---------- Source information ----------
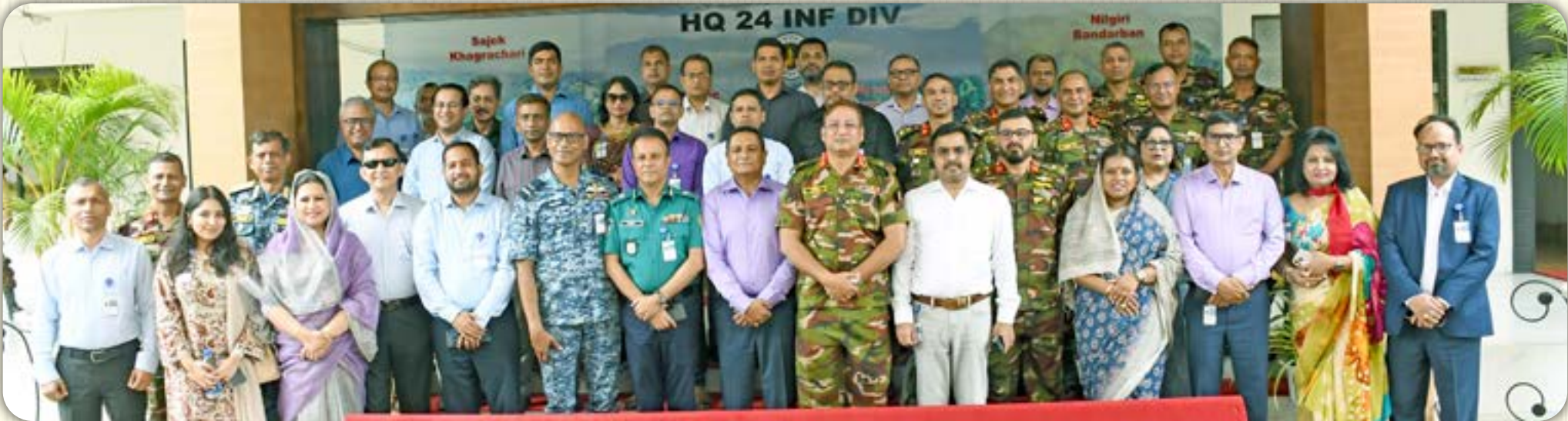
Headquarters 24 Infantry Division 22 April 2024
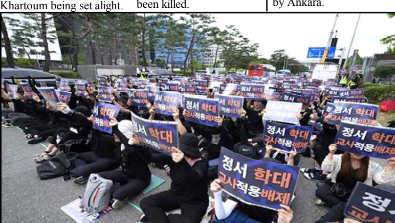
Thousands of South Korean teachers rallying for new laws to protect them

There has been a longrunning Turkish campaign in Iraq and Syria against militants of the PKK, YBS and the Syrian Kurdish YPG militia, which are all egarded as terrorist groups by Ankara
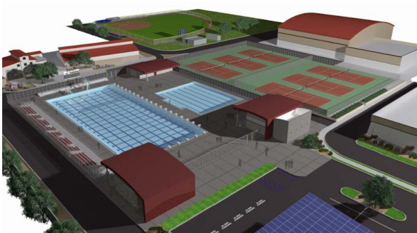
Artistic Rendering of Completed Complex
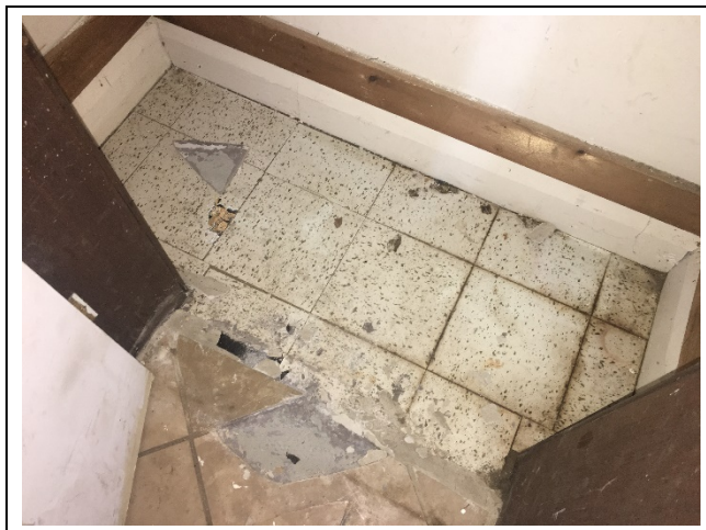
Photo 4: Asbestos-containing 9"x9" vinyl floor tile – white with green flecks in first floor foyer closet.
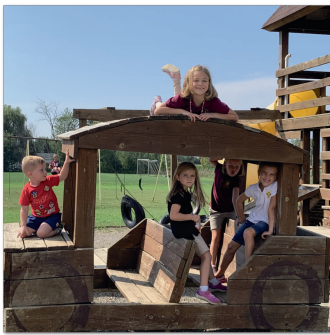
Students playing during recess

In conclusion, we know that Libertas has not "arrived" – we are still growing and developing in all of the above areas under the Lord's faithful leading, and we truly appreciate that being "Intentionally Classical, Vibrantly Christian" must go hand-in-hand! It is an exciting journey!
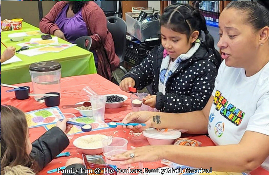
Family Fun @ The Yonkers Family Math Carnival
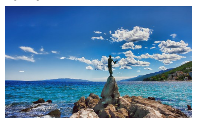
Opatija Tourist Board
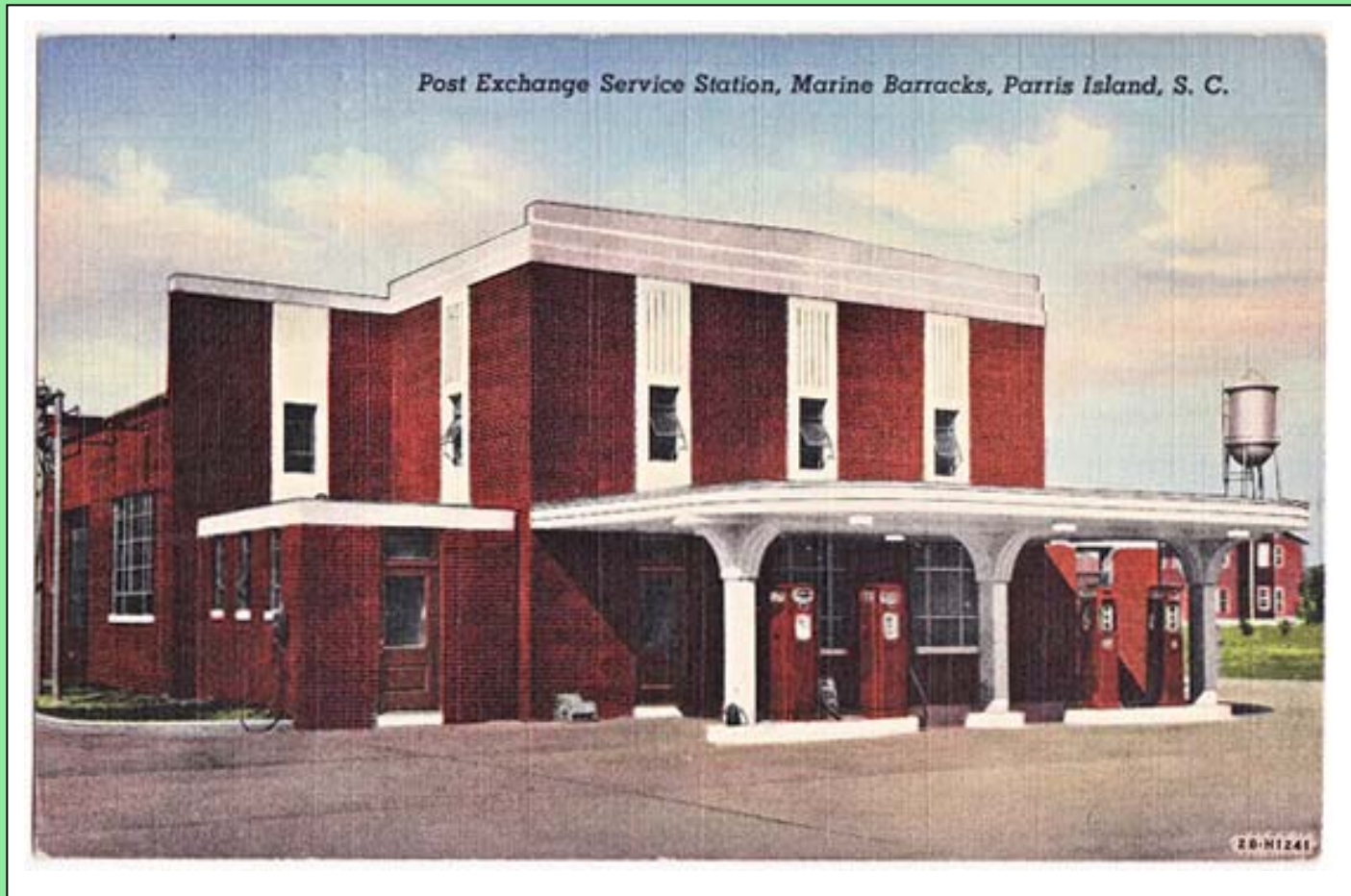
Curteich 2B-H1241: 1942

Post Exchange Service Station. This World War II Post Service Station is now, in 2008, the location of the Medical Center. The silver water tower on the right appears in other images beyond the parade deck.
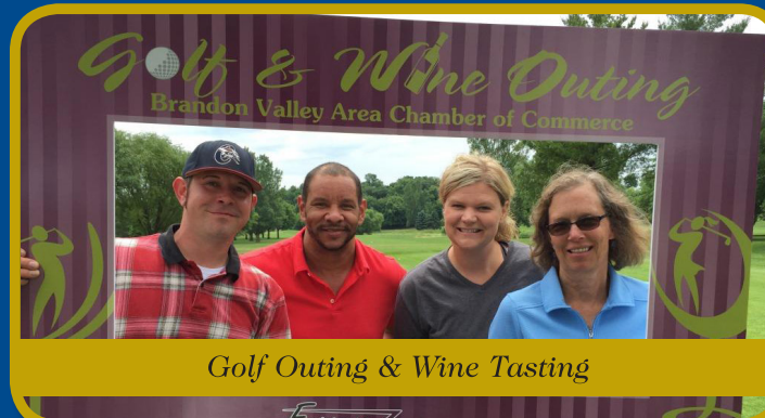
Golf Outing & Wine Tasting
----------
- [Task brief]: Beginning with the line that holds "Opatija Tourist Board", write out exactly the lines down to the end of the material above, and no others. Pictures are not part of the copy.

- [Written reply]:
Opatija Tourist Board
Curteich 2B-H1241: 1942

Post Exchange Service Station. This World War II Post Service Station is now, in 2008, the location of the Medical Center. The silver water tower on the right appears in other images beyond the parade deck.
Golf Outing & Wine Tasting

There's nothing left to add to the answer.